Vascular calcification independently predicts cardiovascular (CV) disease, the major cause of death In Chronic Kidney Disease (CKD) patients. Coronary Artery Calcium Score (CACS) is a marker for atherosclerotic plaque burden and has been shown to predict the incidence of myocardial infarction and death from CV disease. CKD leads to increased calcium score secondary to accelerated progression of atherosclerosis, as well as changes in calcium homeostasis [1]. Vascular calcification is one of the major problems among CKD patients and contributes to the increased risk of CV events by a variety of mechanisms including increased arterial stiffness due to medial calcification or plaque vulnerability linked with atherosclerotic calcification [2]. Risk factors for atherosclerosis and coronary artery disease, including age, sex, dyslipidemia, diabetes, obesity, smoking habit, high blood pressure, family history of early onset CV disease, inflammation and renal function are used to predict absolute risk for CV disease both in CKD patients and general population [3]. Emerging nontraditional risk factors for risk assessment include high sensitive C-reactive protein (hsCRP), fibrinogen, lipoprotein A, interleukin-6 (IL-6) and plasminogen activator inhibitor (PAI-1).
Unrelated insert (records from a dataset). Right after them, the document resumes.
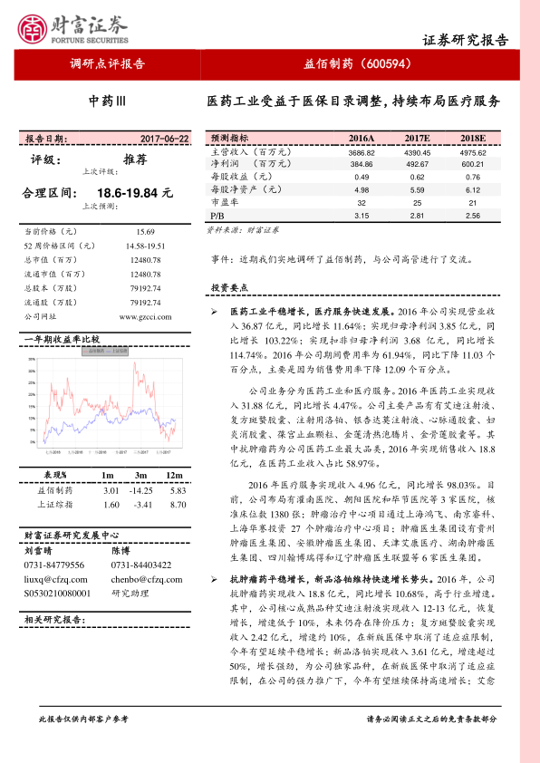 益佰制药受益于医保目录调整,医药工业板块中抗肿瘤药稳定增长,新品种洛铂快速放量,心脑血管和妇科用药后续品种有望接力。同时,公司积极布局医疗服务,通过“外延+内生”的方式实现快速扩张。报告预测了公司未来两年的EPS,并给予“推荐”评级,但同时也提示了药品招标降价和医疗服务业务外延不及预期的风险。
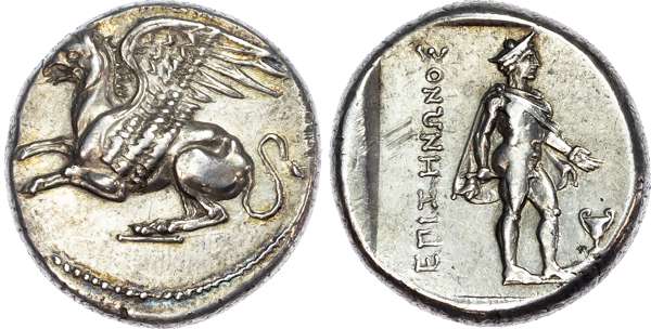 Thrace, Abdera (c. 360-350 BC) AR Tetradrachm, Egisinonos, magistrate, c. 355 BC, 11.35g. Griffin left, [ABΔH] above. Rev. EΠI ZHNΩNOΣ, Hermes, wearing petasos and chlamys, standing right, holding a short staff and extending left hand, kantharos to right, all within an incuse square. (May 448 (A301/ P355)). Good Very Fine. Rare.
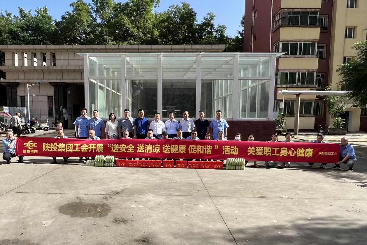 爲進(jìn)一步加強對(duì)基層員工的關心關愛,做好(hǎo)高溫季節防暑降溫工作,7月4日上午,陝投集團黨委副書記、總經(jīng)理趙軍一行到國(guó)金物業開(kāi)展“送清涼”活動。趙軍一行看望慰問了國(guó)金物業員工,并向(xiàng)他們送上了飲料、冰糖、茶葉等防暑降溫用品。
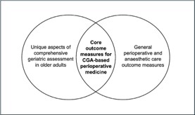 This scoping review describes outcome measures used by studies evaluating the efficacy of CGA-based perioperative care compared with standard surgical care, maps these outcome measures to perioperative medicine core domains, and forms the first step in the generation of a COS for ongoing evaluation of CGA-based perioperative services. We aim to define a COS that can be used to describe the unique needs of the older surgical population, the holistic nature of CGA and the implementation of CGA-based perioperative services at scale (Figure 1).
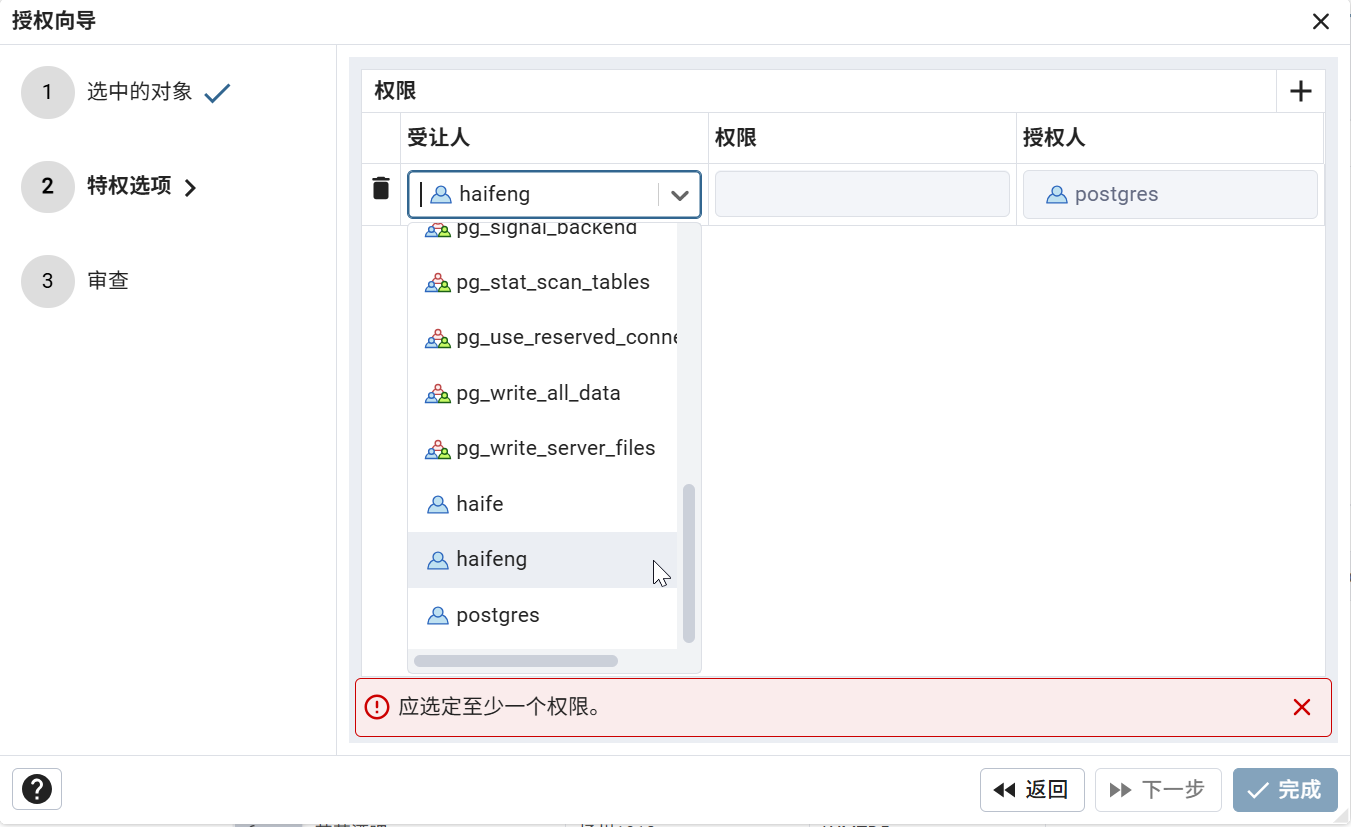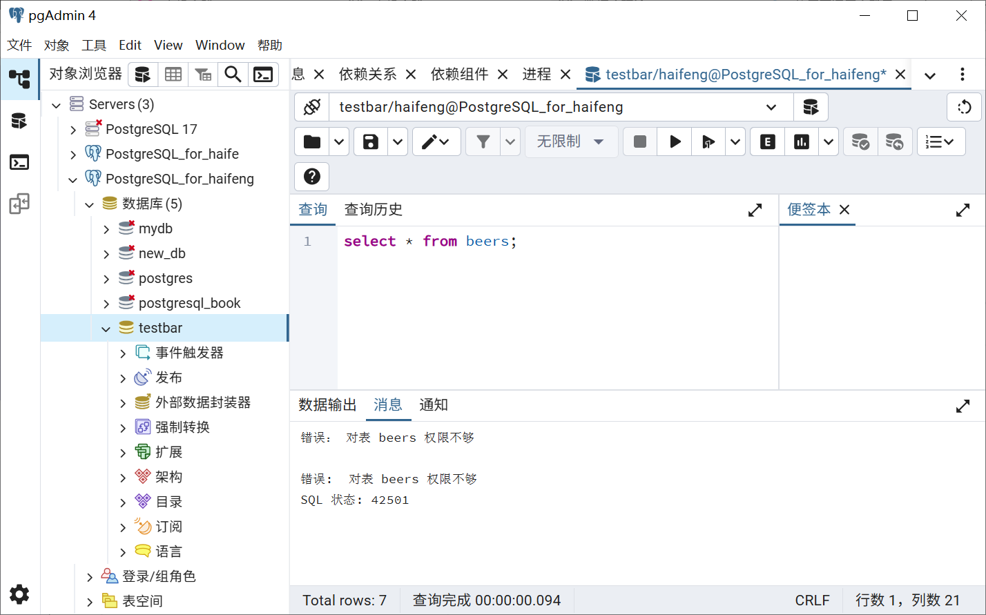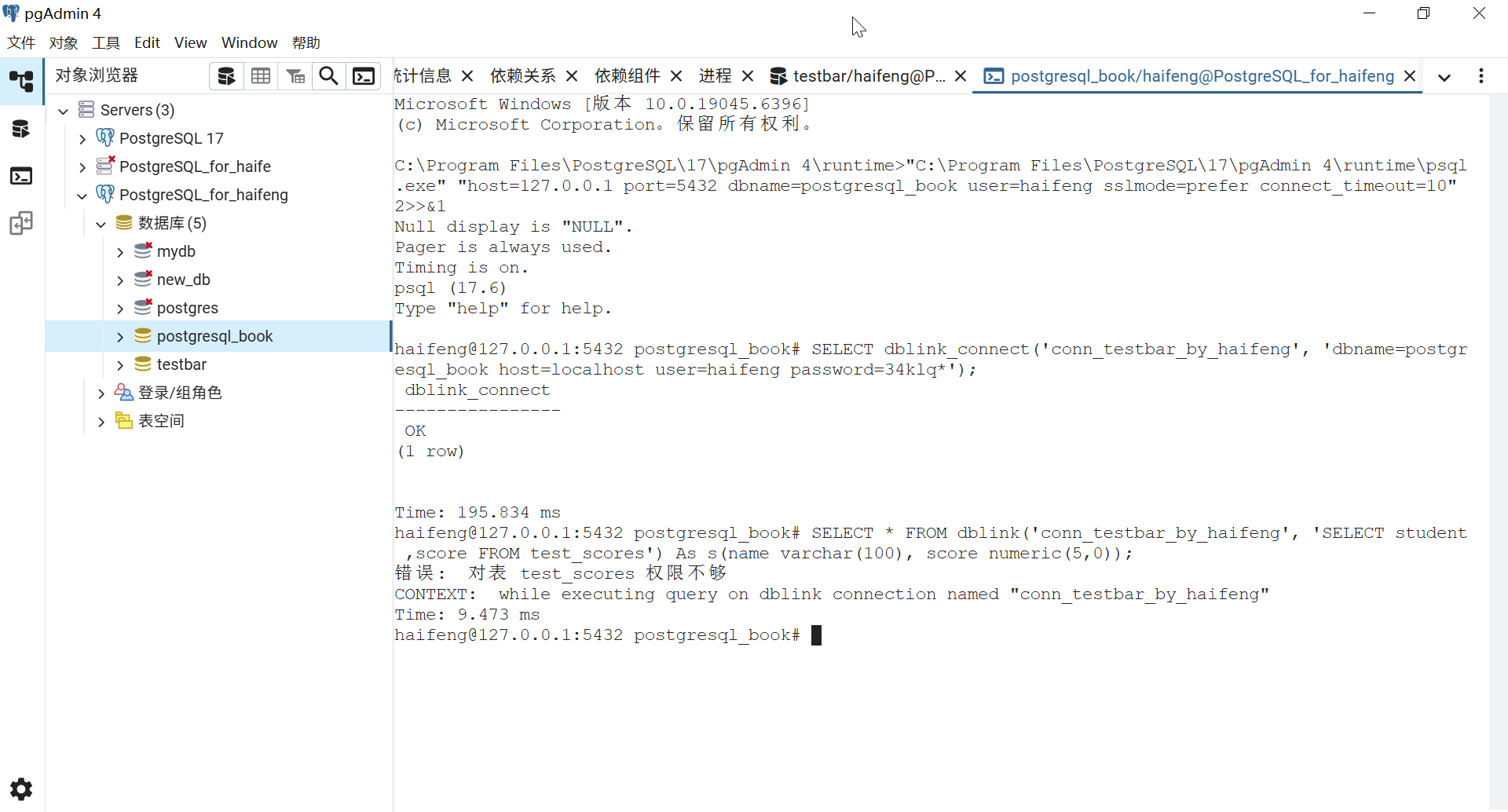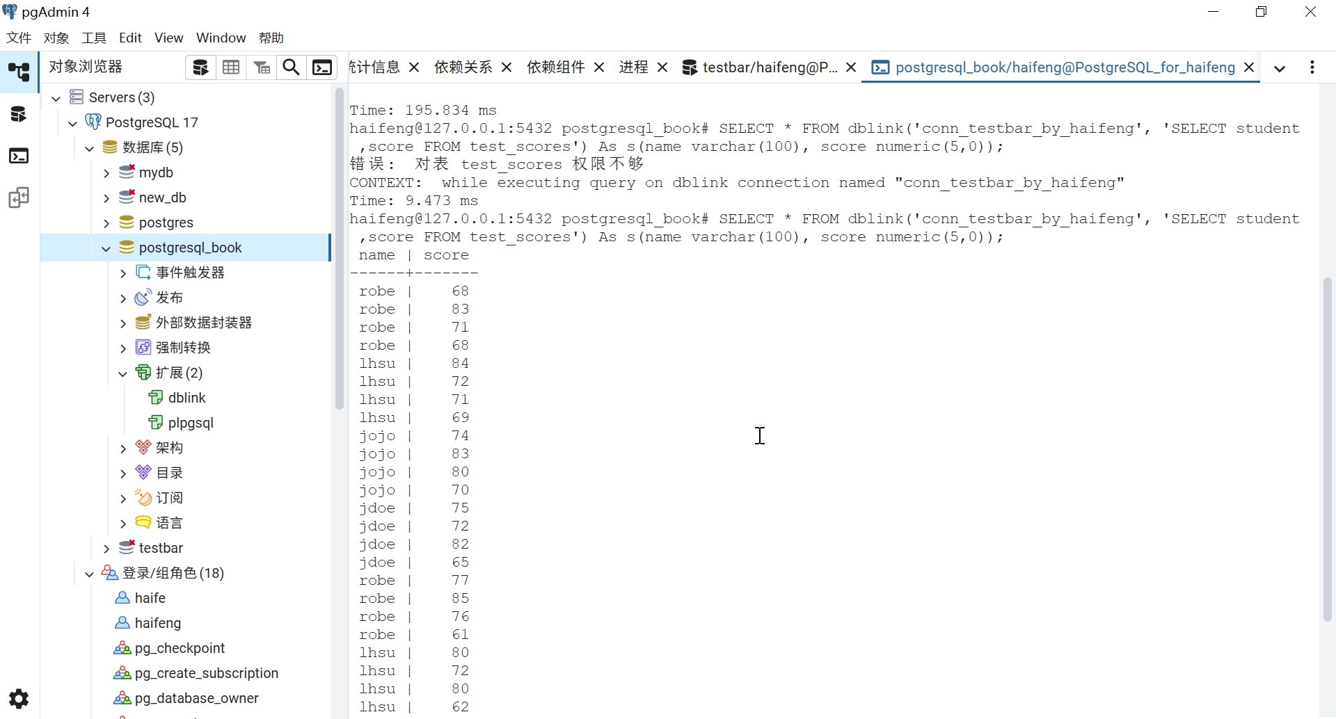 postgresql_book 数据库的所有者是 postgres, 用户haifeng 没有权限执行查询等操作.

The role of inflammation in the pathogenesis of several complications of CKD is well documented [4]. In particular, several markers have been associated with CV morbidity and vascular calcification. They include: hsCRP, IL-6, markers of oxidative stress as well as bone turnover with some evidence of a cause-effect relationship [5-7].

Coronary calcification is a marker of atherosclerosis and evaluation of CACS by Multi-Row Spiral Computed Tomography (MSCT) has been recognized as useful strategy to initiate or intensify treatment of atherosclerosis. Besides the risk of CV disease, CACS has been demonstrated to be associated with the risk of complication during PCI, including arterial perforation, dissection and resultant stent thrombosis [2]. The non-invasive test such as CACS used for CV disease evaluation in CKD patients has the purpose of identifying Coronary Artery Disease (CAD) and evaluating the risk of CV events and death. CACS identifies calcified plaques using scattered X-rays; it is a marker of atherosclerosis that may improve current risk assessment when added to traditional risk factors [8,9]. The aim of the study concerning Peritoneal Dialysis (PD) patients was to evaluate the association of CACS with long-term (6 years) total and CV mortality in relation to traditional CV risk factors, inflammatory markers and vascular calcification parameters.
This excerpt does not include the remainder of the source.